Short answer: on anomalyco/opencode (4,645 files, ~30 MB
fetch pack), a cold clone + prefetch completes in ~7 s and
steady-state grep runs in 130–160 ms for literal patterns
(Boyer-Moore) or ~335 ms for case-insensitive regex. On the
436-file adafruit/Adafruit_CircuitPython_Bundle, steady-state
grep runs in ~2 ms.
TL;DR
| Fixture | Files | Fetch pack | Clone + prefetch | Grep (literal) | Grep (regex/ci) |
|---|---|---|---|---|---|
ivarvong/pyex | 275 | 1.2 MB | ~700 ms | ~11 ms | ~11 ms |
cloudflare/agents | 1,418 | 4 MB | ~8 s | ~58 ms | ~58 ms |
anomalyco/opencode | 4,645 | ~30 MB | ~7 s | ~140 ms | ~335 ms |
adafruit/Adafruit_CircuitPython_Bundle | 436 | ~1 MB | ~2 s | ~2 ms | ~15 ms |
"Clone + prefetch" = Exgit.clone(url, lazy: true) +
Exgit.FS.prefetch(repo, "HEAD", blobs: true).

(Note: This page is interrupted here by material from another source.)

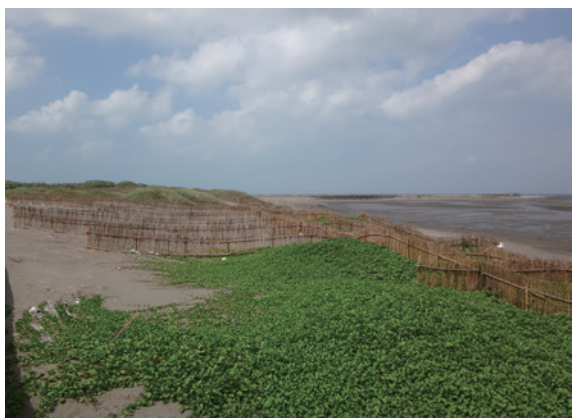
▲照片3、堆砂籬內馬鞍藤自行蔓生
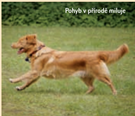
Pohyb v přírodě miluje

Dokončení příště: Labradorský retrívr, flat coated retrívr, curly coated retrívr

"Grep (literal)" = case-sensitive, no regex metacharacters;
routes through :binary.matches (Boyer-Moore). "Grep (regex/ci)"

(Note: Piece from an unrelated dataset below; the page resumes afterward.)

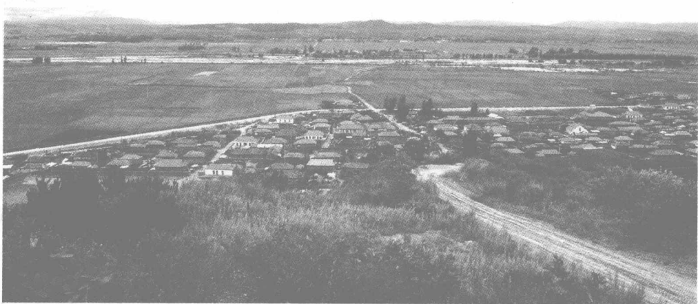
吉林省延边朝鲜族自治州龙井市龙山村村落全景（夏季）

= case-insensitive %Regex{} scan.
Both grep numbers are steady-state (warm CPU, all objects in the Memory store). The first grep after prefetch is the same cost — unlike an older lazy-fetch path, prefetch now pre-populates everything.
What we measure
Four fixtures, each a real public GitHub repo. Picked to cover a small-to-large size range with repos that have submodules, many binary assets, and diverse layouts:
ivarvong/pyex— owned by the exgit maintainer. Guaranteed against surprise force-push. Small (275 files), good for validating algorithmic baselines.cloudflare/agents— ~1.4k files. Medium real-world project.anomalyco/opencode— ~4.6k files, 26 MB blob in the pack. Large.adafruit/Adafruit_CircuitPython_Bundle— 436 files, uses git submodules (.gitmodulespresent). Previously crashed on prefetch due to an over-eager reserved-name check. Included as a regression fixture.
The benchmark harness (bench/review_bench.exs) does:
Exgit.clone(url, lazy: true)— refs only, no objects.Exgit.FS.prefetch(repo, "HEAD", blobs: true)— stream the full blob pack directly into the Memory store viaPack.StreamParser.- One "cold" grep — steady-state (prefetch already populated everything).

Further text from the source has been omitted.